**Task brief**
Reproduce exactly the lines from the start of the records through the line containing "Thorvik OEWS007 Набор", both included. Leave the pictures out.

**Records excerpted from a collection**
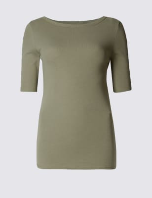 Базовая футболка из чистого хлопка с горловиной-лодочкой
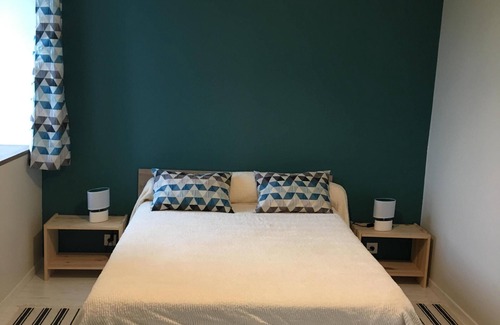 - 1 small bedroom with 1 140x190 bed (duvet), bed linen not provided
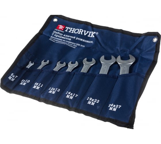 Thorvik OEWS007 Набор ключей гаечных рожковых в сумке, 6-27 мм
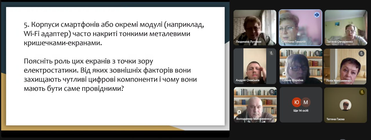 Заняття розпочалося з перевірки знань за темою «Конденсатори та їх застосування у цифровій техніці». Студенти продемонстрували впевнене володіння матеріалом, опрацьованим самостійно, детально розповівши про роль конденсаторів у роботі комп’ютерних систем та сучасних гаджетів. Для закріплення вивченого було проведено інтерактивну вікторину за темою «Електричний заряд. Електричне поле», яка в ігровому форматі активізувала увагу аудиторії та допомогла перевірити розуміння ключових понять.
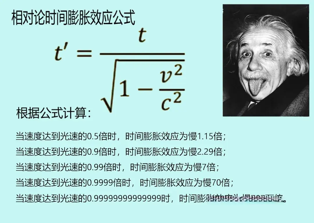 狭义相对论的核心是 “光速不变原理” 和 “相对性原理”,由此推导出速度时间膨胀—— 物体的运动速度越快,其自身的时间流逝就越慢。
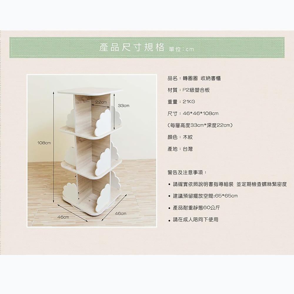 - 360度自由旋轉,好拿好收納,(不像其他標榜一層可以放很多書的設計,往往書太多太重,小小孩很難自行抽取書。
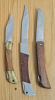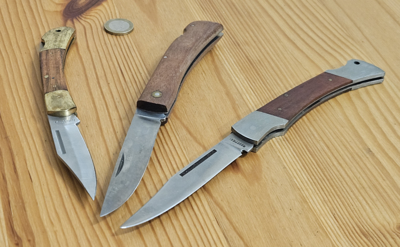 Hallo liebe Egunner, zum Verkauf kommen hier drei große Taschenmesser mit feststellbarer Klinge. Zwei Klingen sind mit "Rostfrei" geprägt. Besonders das kleinere mit dem Messinggriff ist sehr charmant. Das längste misst fast 25cm.

**Problem solution**
 Базовая футболка из чистого хлопка с горловиной-лодочкой
 - 1 small bedroom with 1 140x190 bed (duvet), bed linen not provided
 Thorvik OEWS007 Набор ключей гаечных рожковых в сумке, 6-27 мм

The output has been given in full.